Quando a aula terminou, nós conversamos um pouco mais no  caminho para o ponto de ônibus e então ela me falou do seu trabalho, era antropóloga e  trabalhava com questões de etnografia das religiões. Tínhamos temas em comum nas ciências humanas e logo nos adicionamos nas redes sociais. Pelas suas postagens, pude ver que ela gostava de literatura, tinha fotos com o marido, com o filho pequeno. Nos encontramos algum tempo depois em um outro curso online da universidade para integração de estrangeiros à vida cultural e cotidiana do país. A cidade onde moramos é pequena e não foi difícil nos encontramos outras vezes no mercado, no ponto do trem e trocamos rápidas conversas. Ela sempre estava com o marido ou com o filhinho voltando, ou indo para a escola.

Quando eu voltei da Turquia, eu não hesitei em contactá-la e marcar um café para conversarmos. Eu tinha tido todas essas impressões e queria dividir com ela. Combinamos de nos encontrar na faculdade de Letras da universidade. “Vamos falar em francês ou inglês?”, nos perguntamos, pois até aquele momento fazíamos uma mistura, um “bordel”[1] completo das línguas – um “franseglish” – o que é típico em conversa entre estrangeiros quando vivem fora do seu país.
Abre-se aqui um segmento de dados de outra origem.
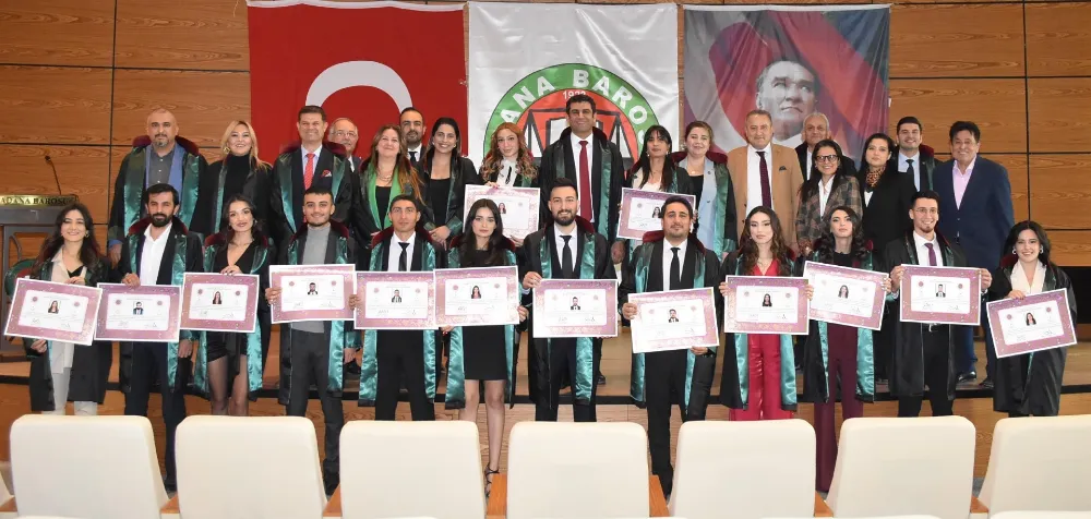 Adana Barosu’nda staj dönemlerini başarıyla tamamlayan 14 stajyer avukata ruhsatları törenle takdim edildi. Adana Adliyesi Konferans Salonu’nda geniş katılımla yapılan törende, Adana Barosu Başkanı Av. Semih Gökayaz, meslektaşlarına toplu yemin ettirdikten sonra bir konuşma yaptı.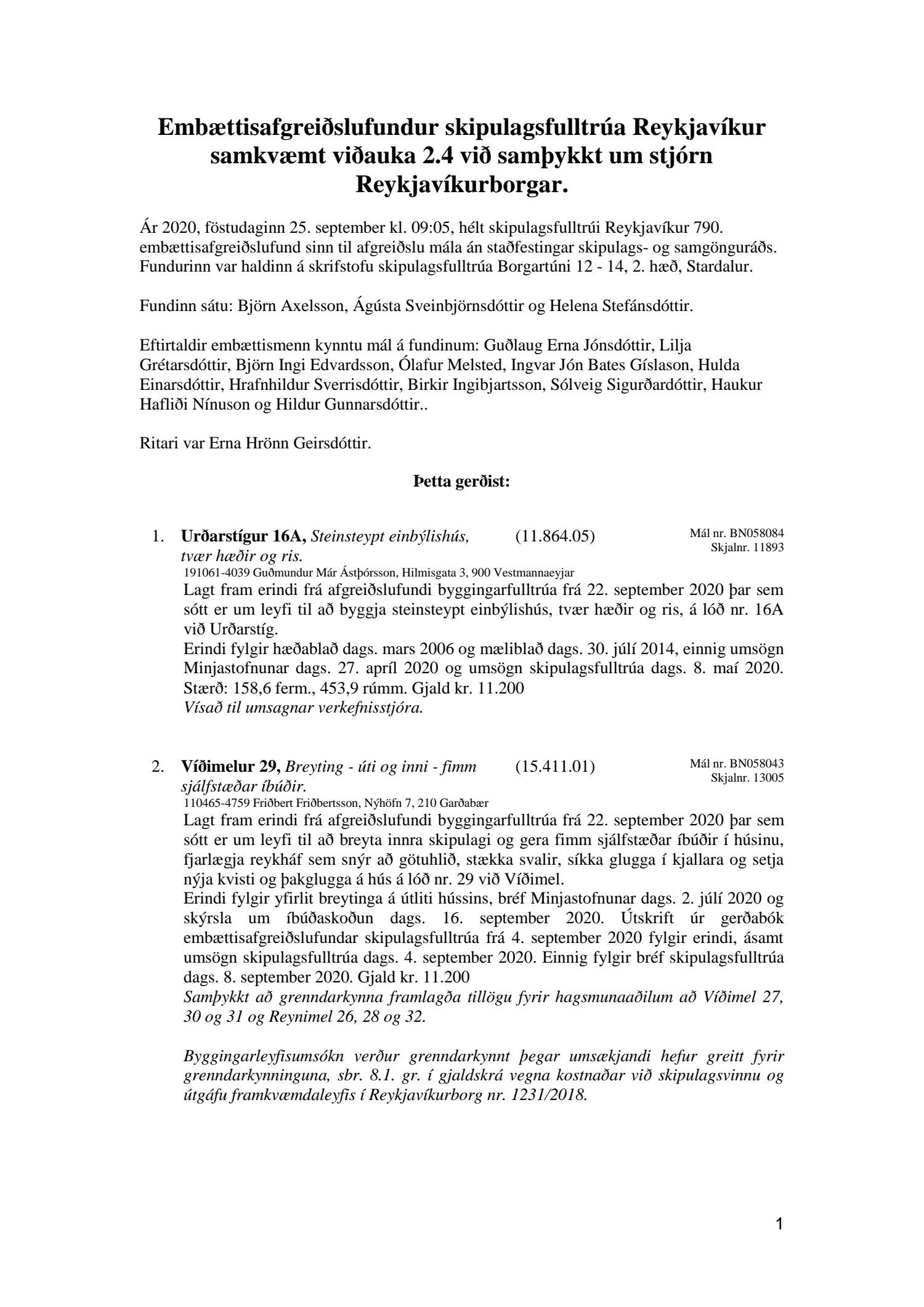 Fundargerð skipulagsfulltrúa nr. 790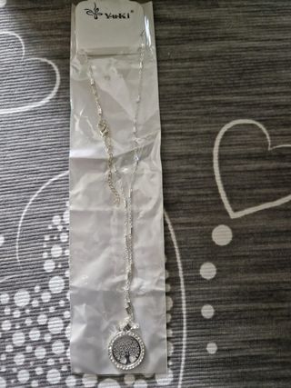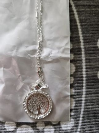 Collana in acciaio con ciondolo Albero della Vita con brillantini sul tronco. Lunghezza catenina 44 cm. Diametro ciondolo 3 cm.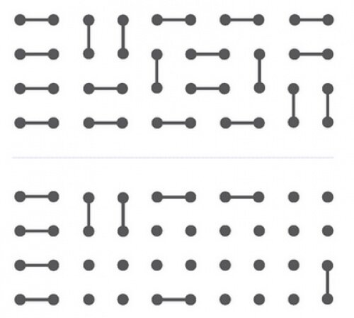 Запоминайте в течение минуты расположение точек и линий в первых четырех строках. Затем, не глядя на них, добавьте недостающие линии в нижних четырех строках.
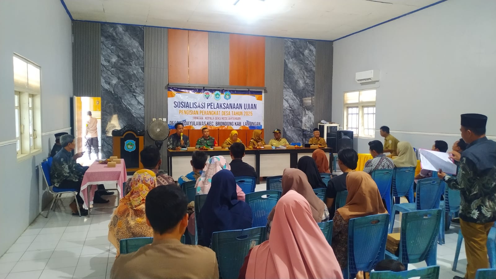 Senin, 15 Desember 2025, di Balai Desa Sedayulawas, Kecamatan Brondong, dilaksanakan Sosialisasi Pelaksanaan Ujian Pengisian Perangkat Desa Tahun 2025 untuk Jabatan Kepala Seksi Kesejahteraan yang dihadiri oleh Ibu Camat Brondong, jajaran Forkopimcam, serta Kasi Pemerintahan Kecamatan Brondong, sebagai upaya memberikan pemahaman yang jelas dan menyeluruh kepada panitia, calon peserta, dan pihak terkait mengenai tahapan, ketentuan, serta mekanisme pelaksanaan ujian, sehingga proses pengisian perangkat desa dapat berjalan transparan, objektif, dan sesuai peraturan, yang disampaikan melalui pemaparan materi, diskusi, serta tanya jawab secara terbuka dalam suasana tertib dan kondusif.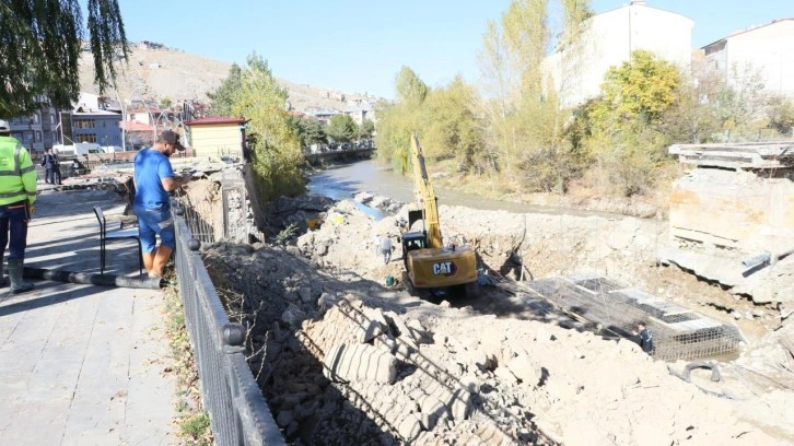 Zahit Mahallesi'nde, Çoruh Nehri üzerine kurulu taş köprünün yenilenmesi çalışmaları sırasında kazı yapan iş makinesi operatörü, alanda top mermisi olduğunu fark etti.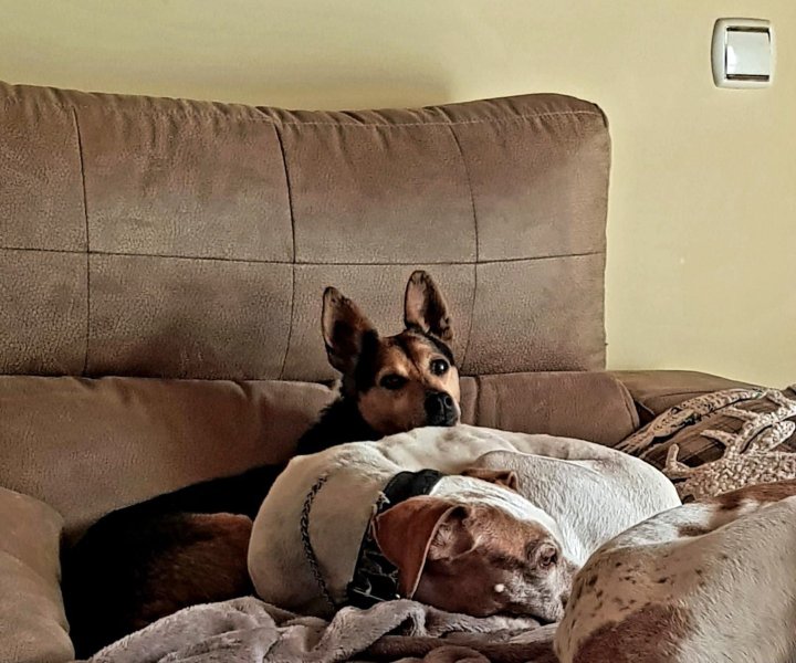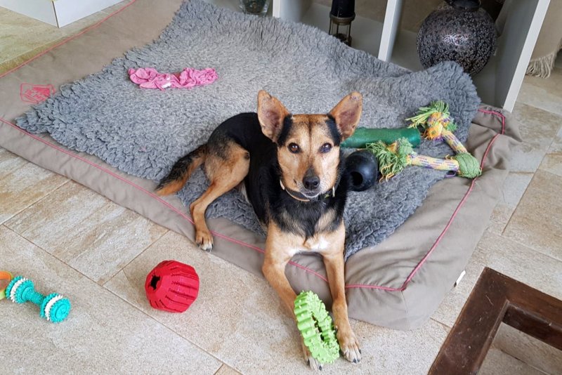Opa Lukas is zowel fysiek als emotioneel zeer goed hersteld. Hij geniet nu van het leven, wordt graag vertroeteld en geaaid door medevrijwilligers, speelt met andere honden, doet ook graag dutjes want hij heeft hij een rustig karakter.

Pegamos um café na máquina do térreo e fomos para sua sala no último andar do prédio. Um labirinto de escritórios silencioso até chegar na sala dela, da janela do seu escritório dá para ver grande parte da cidade de Brest. Não havia muitas coisas na sala, nem muitos livros, nem muitos papéis, deixava a impressão de um lugar de passagem. Tinha apenas a mesa vazia como se alguém acabasse de chegar ou está de partida, mas não está instalada. “Eu ainda estou tentando recuperar meu trabalho na universidade por lá”, disse ela certeira quando eu abri a conversa ao falar que havia adorado as paisagens, a comida e a recepção no país. O andar do escritório tinha um silêncio inacreditável quando ela me repetiu a mesma pergunta que havia feito por mensagem na rede social e disse: “Eu perdi o direito ao meu passaporte por 5 anos e tenho a marca no meu dossiê documental como terrorista!”.

II.

No grande salão de almoço da Universidade em que o congresso estava acontecendo havia apenas algumas pessoas finalizando a refeição. O que imperava era o barulho dos pratos e talheres batendo ao serem retirados das mesas pelas equipes de trabalho. Eu não fiz perguntas e apenas acompanhei o rapaz que me levou para uma área do salão de almoço atrás de um biombo enorme de madeira. Lá estava um grupo de três rapazes, jovens, por volta dos vinte e poucos anos, que estavam com uniforme de garçom arrumando pratos, talheres e copos sujos que estavam em um carrinho enorme de metal. Eu os reconheci, já os havia visto em algum momento pelo congresso, trabalhando no coquetel ou na recepção dos participantes, em outros momentos circulando pelas áreas onde acontecia o congresso. Um dos rapazes eu tinha certeza que havia me servido um café no dia anterior no “coffee break”, um outro eu tinha certeza que havia me ajudado a encontrar uma das salas de seminário quando eu estava perdido nos corredores da universidade, quando ele apareceu com a camiseta da organização do congresso e me ofereceu ajuda ao me ver completamente abobalhado tentando entender a lógica da numeração das salas que não fazia nenhum sentido na forma como nós fazemos. Eu tinha marcado bem os rostos deles, porém não os havia visto juntos, em um grupo como naquele momento. Eram lindos, com os olhos entre a cor castanha escura e cor de mel, um olhar de mistério, uma imensidão de melancolia de um deserto por meio deles.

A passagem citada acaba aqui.